Les bouleversements qui ont secoué le monde arabe depuis le mois de janvier ouvrent une période d’incertitude, non seulement pour les pays qui ont vu leurs régimes politiques s’effondrer ou sérieusement ébranlés par la guerre civile et des conflits d’une envergure insoupçonnée, mais également pour l’ordre mondial ou plus précisément l’ordre occidental dans cette région avec des conséquences encore imprévisibles.
Les mécontentements et contestations populaires se sont dirigés jusqu’à présent contre l’État qui, dans les pays arabes, du Yémen au Maroc, n’a jamais été l’expression de la volonté libre de leurs populations.
Si de façon générale, l’absence de démocratie dans les pays en développement, c’est-à-dire la rupture entre la société civile et la société politique, a historiquement produit des États impopulaires, répressifs et hostiles à la population qui s’appuient sur l’aide et le soutien étrangers, ce divorce entre l’État et la nation est poussé à son extrême dans le monde arabe en raison de la gravité des enjeux économique et géopolitique propres à cette région.
Le pétrole
Le pétrole et la nécessité de l’approvisionnement énergétique des pays consommateurs constituent sans doute le premier facteur qui a façonné l’émergence et l’évolution des États modernes dans les pays du Moyen-Orient et de l’Afrique du Nord depuis près d’un siècle.

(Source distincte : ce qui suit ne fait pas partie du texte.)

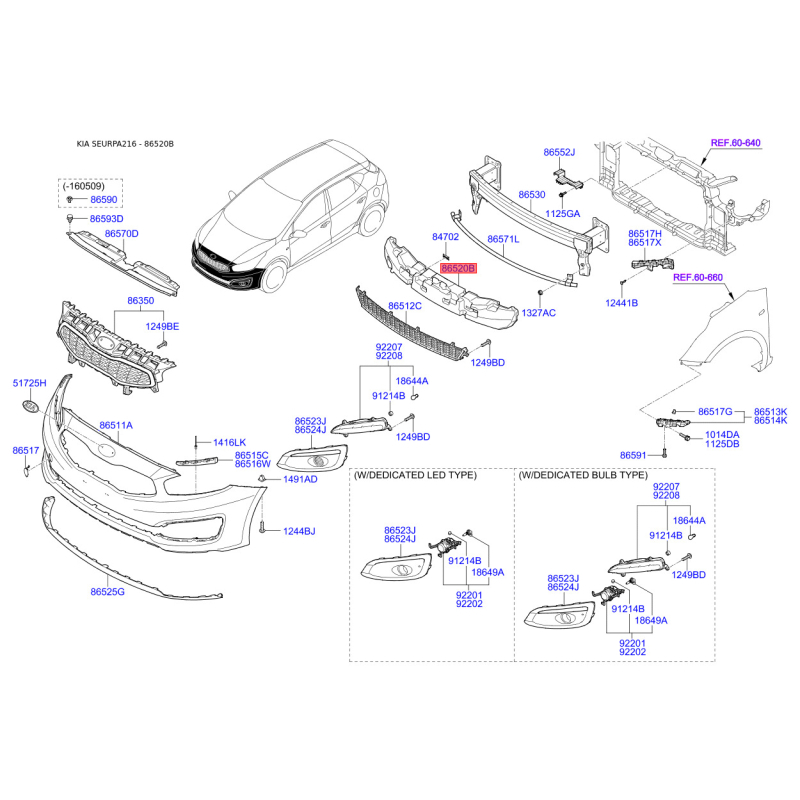 Пошук деталей можна виконати за оригінальним кодом 86520A2600.
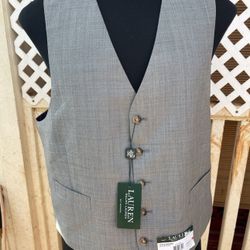 New Lauren Ralph Lauren Five Button Hitchcock Vest Light Gray Pocket Men's L$90Waipahu, HI
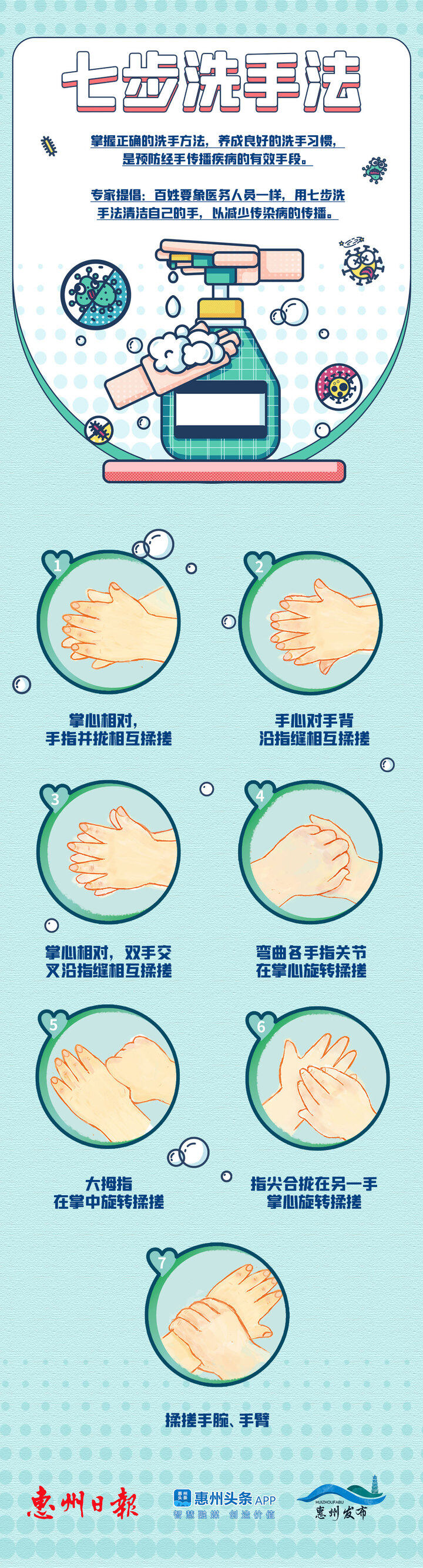 “保持良好的手衛(wèi)生,是預(yù)防諾如病毒感染和控制諾如病毒傳播最重要和最有效的措施!被葜菁部靥嵝汛蠹乙B(yǎng)成良好的飲食衛(wèi)生習(xí)慣,生吃瓜果要洗凈,多喝開水才健康,不食生冷半熟品。保持良好的手衛(wèi)生,飯前便后要洗手,牢記七步洗手法。同時,盡量避免前往人群密集的場所,多鍛煉身體。值得注意的是,酒精對諾如病毒無效,含氯消毒劑對諾如病毒最有效。

Il est, par exemple, impossible de comprendre la constitution des riches monarchies pétrolières faiblement peuplées dans le golf Persique en appareils d’État souverains et indépendants sans parler de leurs ententes ouvertes ou tacites avec les firmes pétrolières géantes et les puissances occidentales, d’abord l’Angleterre et surtout les États-Unis depuis la Seconde Guerre mondiale.